There are several types of ships historically also called ghurab or similar names. The description and construction of each vessel, however, aren't necessarily the same.

=== Mediterranean ===
According to Al-Maqrizi (1441 A.D.), ghurābs of the mediterranean sea were huge war galleys. According to Ibn Mammati (1209 A.D.), these ships had 140 oars. Al-Maqrizi refers to both Muslim and Christian galleys as ghurāb. Reinaud said that ghorāb was the name given by Moors to true galleys. Ubaldo (1181) tells about ghurāb as vessels sailing to and from Tripoli.

Genizah letters mention cargo ghurābs that sailed from the Maghrib, Sicily, and on the Nile, carrying carob and flax.

=== Indian Ocean ===
Indian Ocean ghurāb, which often appears in the records of the 17th century was a native Arab-Persian and Indian cargo, pirate, and war vessel.

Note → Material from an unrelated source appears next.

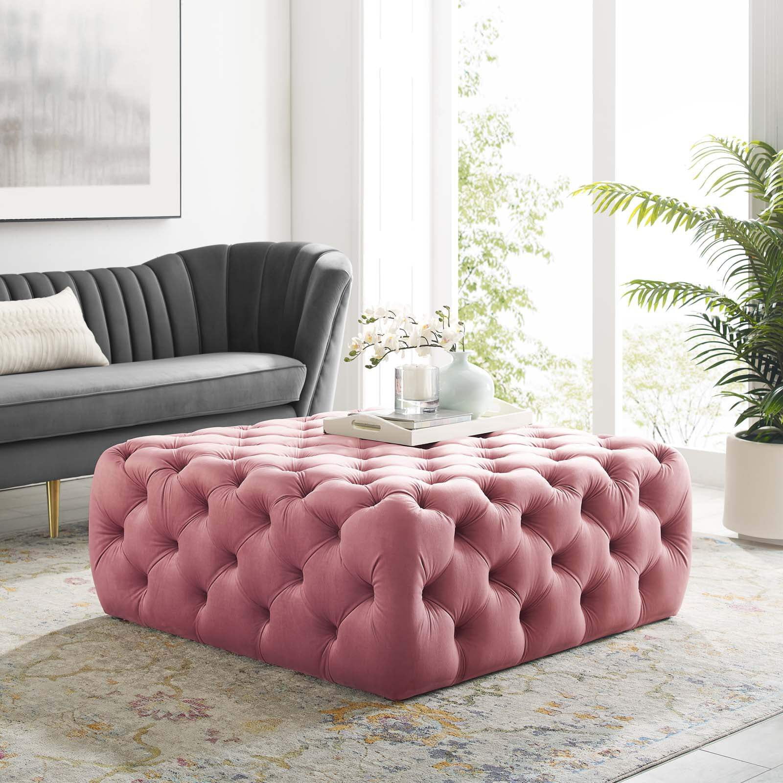 Amour Tufted Button Large Square Performance Velvet Ottoman Enliven your decor with Amour. This tufted button large square ottoman comes upholstered in soft and durable stain-resistant performance velvet fabric with dense foam padding for a luxurious seating experience. A versatile piece of furniture, instantly update your living room, bedroom, or entryway with this glamorous accent piece. Amour delivers an extra living room seat, a place to kick your feet up, or a convenient surface for magazines, and other leisure items. Ottoman Weight Capacity: 400 lbs.Set Includes:One – Amour Tufted Button Large Square Ottoman Sku: Mod_EEI-3774-DUS Category: Living Room Product Material: MDF + Plywood + LVL + Wood + Foam + Plastic legs, Yuhua polyster fabric, 20 & 26G/M3 density foam, Polyester Fiber – 120g, Bench Weight Capacity: 400lbs. Product Color: Dusty Rose Assembly: Y Manufacturer: Modway Furniture UPC: 889654158011 Item Dimensions: Overall Product Dimensions: 39″L x 39″W x 16.5″H Product Weight: 42

Abu Shama ca. 1266–1267, in Kitab al-rawdatayn fi akhbar al-dawlatayn, wrote about ghurāb:
"They sail by their masts (i.e. the sails); they (look like) quivers, but penetrate like arrows . . . It is no surprise that they are called ghurābs because they spread their wings like those of a dove"Sidi Ali in 1552, describes ghurābs as "great (rowing) vessels"; he also says that smaller ghurābs are "galliots with oars".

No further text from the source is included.